Wraps the City of Chicago "Crimes – 2001 to Present" open dataset (Socrata resource id ijzp-q8t2; portal landing https://data.cityofchicago.org/Public-Safety/Crimes-2001-to-Present/ijzp-q8t2/about_data). 22-column schema, one row per reported crime incident (except murders, where one row per victim). Data are extracted from the Chicago PD CLEAR system, refreshed daily with a seven-day lag, and addresses are block-only redacted.

Usage

morie_datasets_chicago_crime(
  year = NULL,
  max_features = NULL,
  offline = TRUE,
  mode = c("soda2", "soda3"),
  paginate = FALSE,
  page_size = 1000L,
  max_pages = 200L,
  app_token = NULL
)

Arguments

year

Integer or NULL; server-side year filter.

max_features

Integer or NULL; cap on returned rows. When paginate = TRUE this is the total cap across all walked pages.

offline

Logical; if TRUE, return the bundled synthetic frame.

mode

One of "soda2" (default) or "soda3". Selects the API path for live mode:

  • "soda2" -> /resource/<id>.json?$where=... via .morie_dataset_socrata_fetch() (URL-param SoQL grammar).

  • "soda3" -> /api/v3/views/<id>/query.json?query=SELECT ... via .morie_dataset_soda3_query() (full SoQL passthrough). Both modes return the same 22-column schema; SODA3 is required when a derived/map view is involved (none here, but available for parity with morie_datasets_chicago_crime_map()) and for the canonical "single SoQL string" experience.

paginate

Logical; if TRUE and offline = FALSE, walk pagination in page_size chunks. SODA2 uses $offset; SODA3 uses LIMIT page_size OFFSET m baked into the SoQL.

page_size

Integer; per-page row count when paginate = TRUE. Default 1,000 (the unauthenticated SODA2 ceiling).

max_pages

Integer; safety net on paginate = TRUE walks (default 200 -> up to 200,000 rows without an app_token).

app_token

Optional Socrata app token (SODA3 only – sent as the X-App-Token header; ignored under mode = "soda2").

Value

A data.frame with the documented Socrata schema.

Details

Scale warning. As of 2026-05 the live feed carries ~8,557,071 rows (8.56M; last refreshed 2026-05-23) – too large for spreadsheet programs and slow even for programmatic pulls without filtering. Always prefer narrowing the query first (year = ... server-side filter) or paginating with paginate = TRUE + a large page_size (and ideally an app_token). A full unfiltered pull at the default page_size = 1000 would issue ~8,560 requests; with page_size = 50000 + an app_token it drops to ~172.

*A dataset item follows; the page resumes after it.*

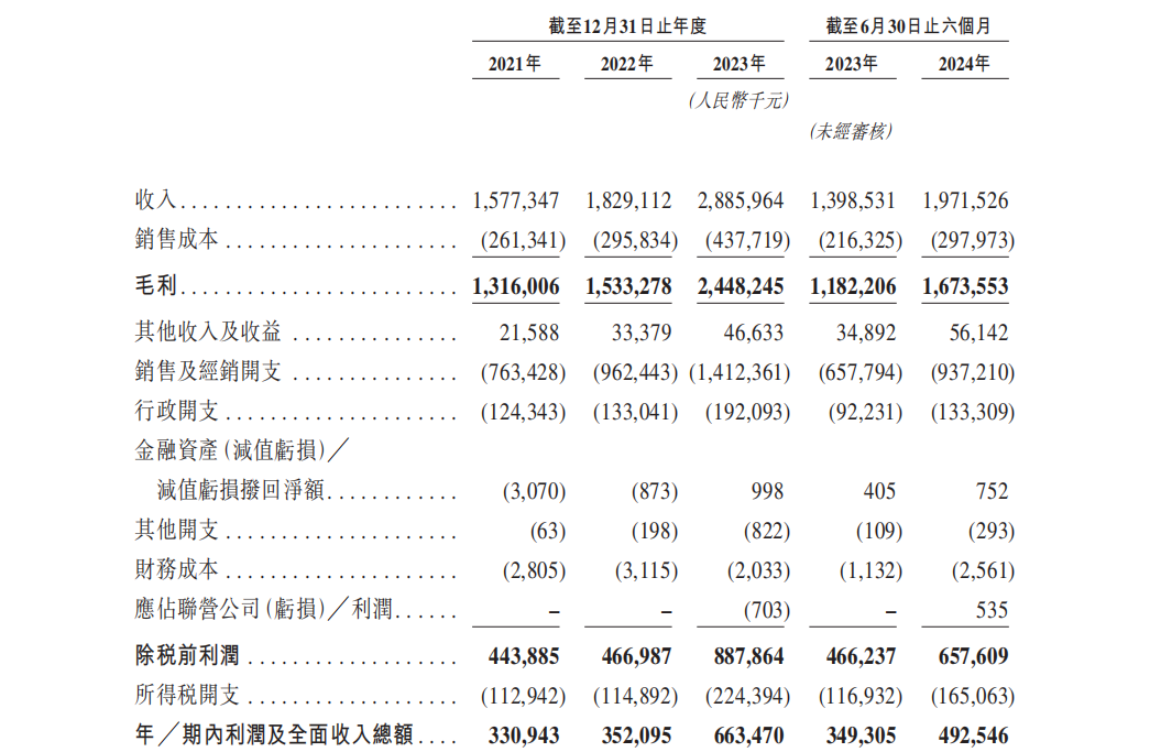 从毛戈平股份的业绩表现来看,其总营收和净利润均实现连年较大幅度的增长。公司总营收从2021年的15.77亿元增至2023年的28.86亿元,复合年增长率为35.3%;净利润从2021年的3.31亿元增至2023年的6.63亿元,复合年增长率为41.6%。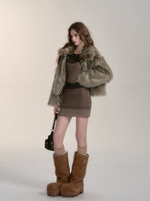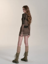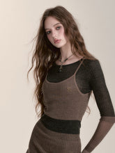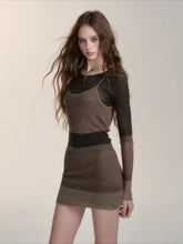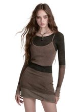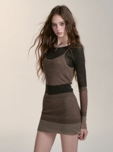 This design combines a striped knit sweater with a layered structure that mimics a two-piece outfit, using a hem + shoulder strap to create a stylish layered look. The silhouette enhances body shape, while the structured knit fabric offers comfort and elegance for autumn and winter.

Socrata accepts both the numeric id (/resource/ijzp-q8t2.json) and the publisher's crimes alias (/resource/crimes.json). SODA3 endpoints are also available (/api/v3/views/crimes/query.json), as are CSV variants (/resource/crimes.csv, /api/v3/views/crimes/query.csv). morie defaults to SODA2 JSON via the UUID for stability.

Cross-referenced datasets (Chicago Open Data). The 22-col schema carries geographic and crime-classification foreign keys that other Chicago datasets resolve:

beat

morie wraps via morie_datasets_chicago_police_beats() (n9it-hstw).

district

morie wraps via morie_datasets_chicago_police_districts() (24zt-jpfn).

ward

morie wraps via morie_datasets_chicago_wards() (sp34-6z76, 3UU).

community_area

morie wraps via morie_datasets_chicago_community_areas() (cauq-8yn6, 3UU).

iucr / fbi_code

morie wraps via morie_datasets_chicago_iucr_codes() (c7ck-438e, 3UU).